И, скажи на милость, тут я сам стал капиталистом.
Зданек встретил какую-то подругу детства, польскую еврейку, получившую наследство - три такси с гаражом. Зданек решил уехать с новой любовью в Германию, где у нее была фабрика, а автохозяйство продал, почти подарил мне. Машины были старые, разбитые, но я, механик, поставил их на ноги, подкрасил, подмазал, нанял шоферов. И это дело оказалось по плечу.

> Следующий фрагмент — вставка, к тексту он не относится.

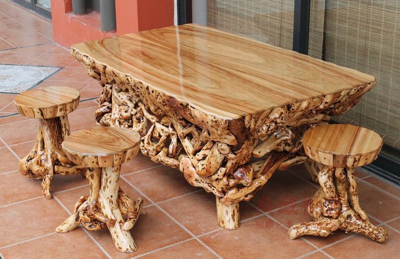 كراسي منحوتة وطاولة مع هيكل الخشب الطبيعي

Дядя мой тоже гонял фаэтоны, что раньше заменяли такси, даже Шаляпина возил, он бывал в нашей станице, форель в речке ловил, за вечер в театре брал тысячи золотых и дяде извозчику подавал золотой за сто метров езды от гостиницы до театра.
Были у нас и бедняки, и побогаче меня - один даже пароход свой имел. Однако казус вышел со мной. Постепенно мои машины стали обслуживать местный комитет партии. Доходы мои падали, шоферы работать за так отказывались, я и сам еще не научился жить общим котлом. Раз не даю машину, два не даю. Меня вызывают и давай песочить. Один припомнил мое белое прошлое и говорит: таким не место в партии. Я обиделся и вышел из рядов. Я, себе на уме, не пропаду и без партии... Пропал. У власти стояли фашисты. Такси мои вытеснили машины нового треста, и я с трудом продал их. Стал вылетать в трубу, запахло в моей квартире опять пролетарским духом. На работу меня не берут - коммунистическое прошлое. Обратиться к бывшим друзьям-коммунистам неловко, да и репрессии против них начались, Луиджи посадили в тюрьму.
Тут мне Зданек письмо прислал - они уже с женой жили в Париже, в Германии преследовали, приглашали меня. Я поехал. Оформился на жительство. Зданек подкармливал меня. Свой капитал он вложил в какое-то дело - и прогорел, акциями можно было обклеивать стены клозета. Правда, у них был еще магазин, торговали художественными картинами и красками.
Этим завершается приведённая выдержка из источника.